> **Entries shown**:
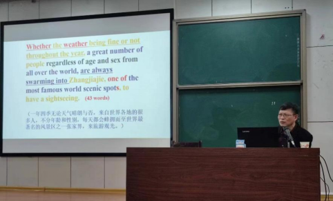 丁教授从英语学习的理想与现实、英语语言的工具性、英语语言的人文性和英语学习方法小论四个方面做了精彩的论述,提出了诸多切实可行的英语学习方法,特别深入阐述了英语写作中的写作范式、选词造句。期间,丁教授的精彩演讲赢得了学生阵阵掌声,激发了学生浓厚的学习热情。会后,丁教授就参会人员所提问题进行了详细解答,在座师生纷纷表示受益匪浅。
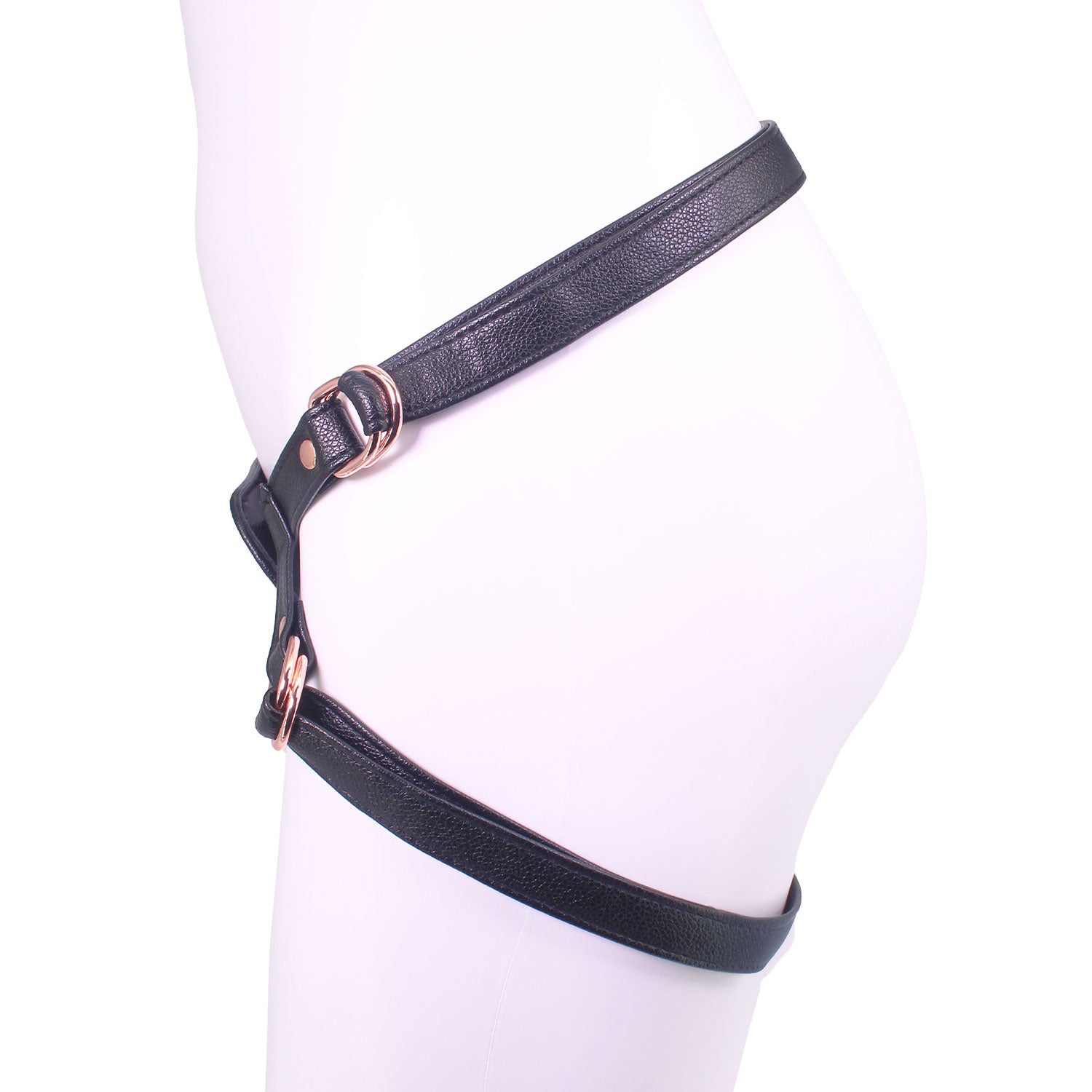 Unicorn Collections - Black and Rose Gold PU Leather Strap-On Harness
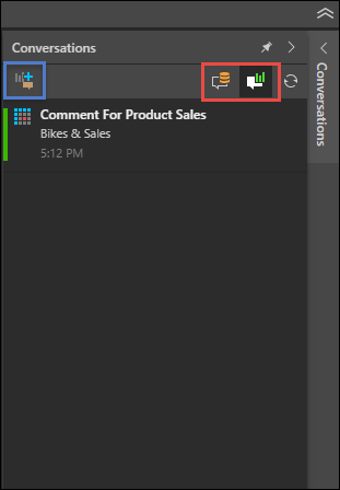 From the Conversations panel, use the icons on the right (red highlight) to filter conversations. You can filter conversations to show report specific and/ or global conversations. Click here to learn more.
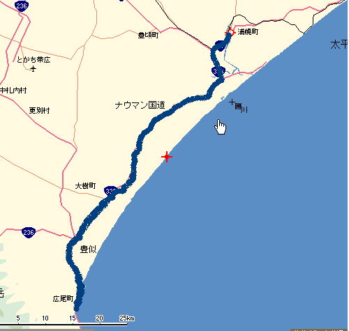 浦幌(ウラホロ)まで58q、この辺りのR336は通称「ナウマン国道」という
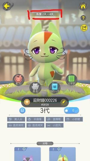 每只猫全都有归属于自身专门版面,打开随意一头猫(以这只萌的三代猫为例)猫头顶这串大数字是复原时间。

> **Task item**:
Copy out only the lines beginning at the line with "Unicorn Collections - Black" and ending at the last line of the entries. Keep them exact; drop pictures.

> **Solution to this task**:
 Unicorn Collections - Black and Rose Gold PU Leather Strap-On Harness
 From the Conversations panel, use the icons on the right (red highlight) to filter conversations. You can filter conversations to show report specific and/ or global conversations. Click here to learn more.
 浦幌(ウラホロ)まで58q、この辺りのR336は通称「ナウマン国道」という
 每只猫全都有归属于自身专门版面,打开随意一头猫(以这只萌的三代猫为例)猫头顶这串大数字是复原时间。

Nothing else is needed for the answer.